システムの導入には初期費用がかかるため、導入に積極的でない企業も多いです。その場合は、クラウド型の契約書管理システムを使えば、初期費用を抑えられます。
契約書管理をスムーズに行うポイント
最後に、契約書を効率良くスムーズに管理するためのポイントを見ていきましょう。
管理部門・担当者の選定
適切に契約書を管理するためには、管理する部署・担当者を決めると効果的です。専門的な部署を立ち上げると、負担は大きくなりますが、より的確にリスクを抑えられます。
また、契約書を業務に使うときに、専属で管理している部署がある方が効率が良くなるでしょう。管理部門や担当者を選定する際は、契約書管理の重要性や、自社が目指す目的・ゴールを明確にすることが大切です。
管理規程の策定
契約書を管理する体制が整った後は、自社のスタイルに合わせて管理規程を作成しましょう。
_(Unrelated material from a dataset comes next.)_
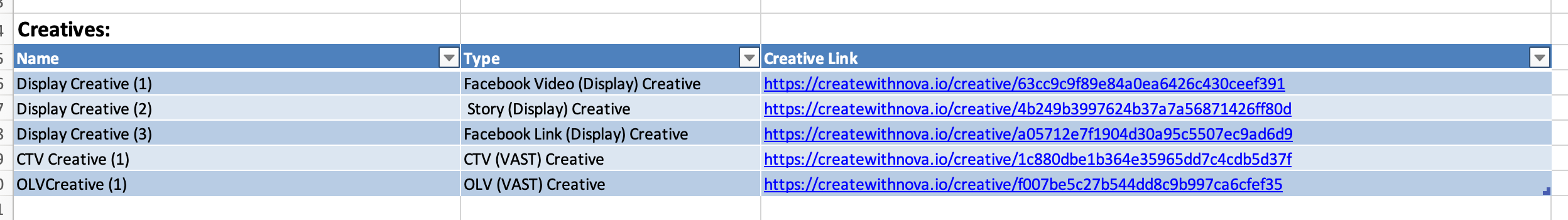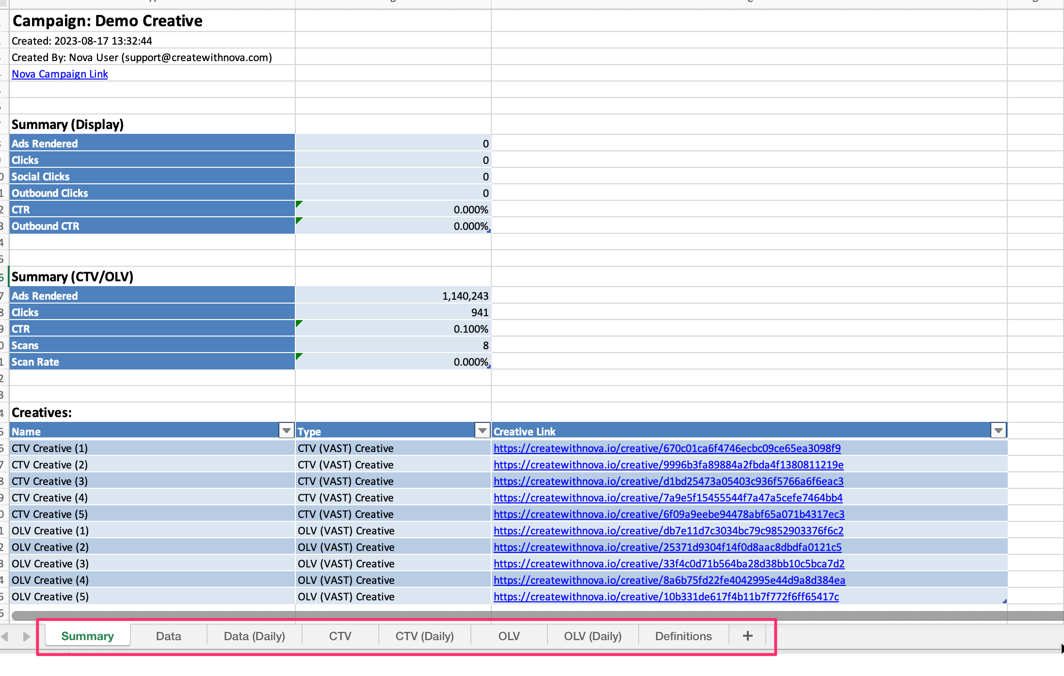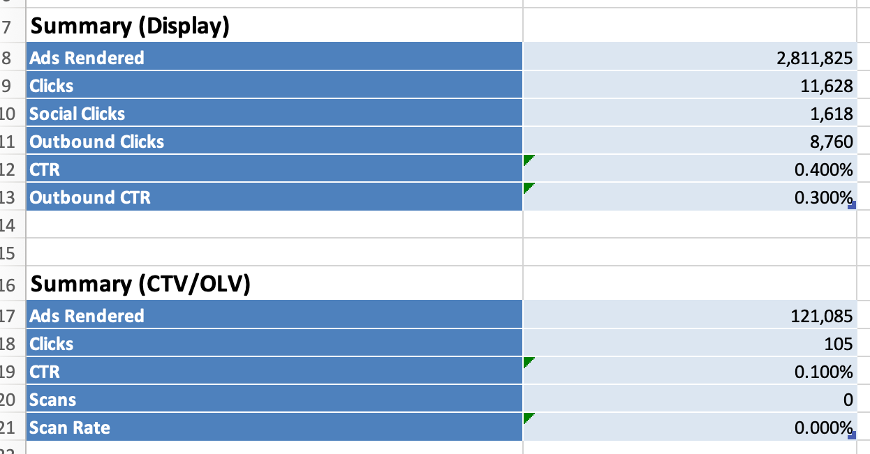 With the campaign performance report having CTV/OLV creatives, you can find the following summary:

これは、契約書を扱う全ての社員が守るべきルールを作るということです。
契約書は作成してから廃棄するまでの流れが決まっているため、適切な業務を行えるようにルールを広めていきます。
このように全社員が契約書の適切な管理方法を知っていれば、スムーズに運用できます。
契約書管理の重要性を知り、業務改善に向けた見直しを!
契約書は企業の中でも重要度が高い書類であるため、適切な方法で管理しなければなりません。
もし適切に管理していなければ、取引先の契約違反に気づけなくなります。社内不正によって情報漏えいする危険性もあるでしょう。契約書はExcelなどで台帳を作成して管理するのが一般的ですが、負担が大きいため、システムの活用も検討してください。
管理する部署や担当者を選定し、管理規程を作成して適切に管理しましょう。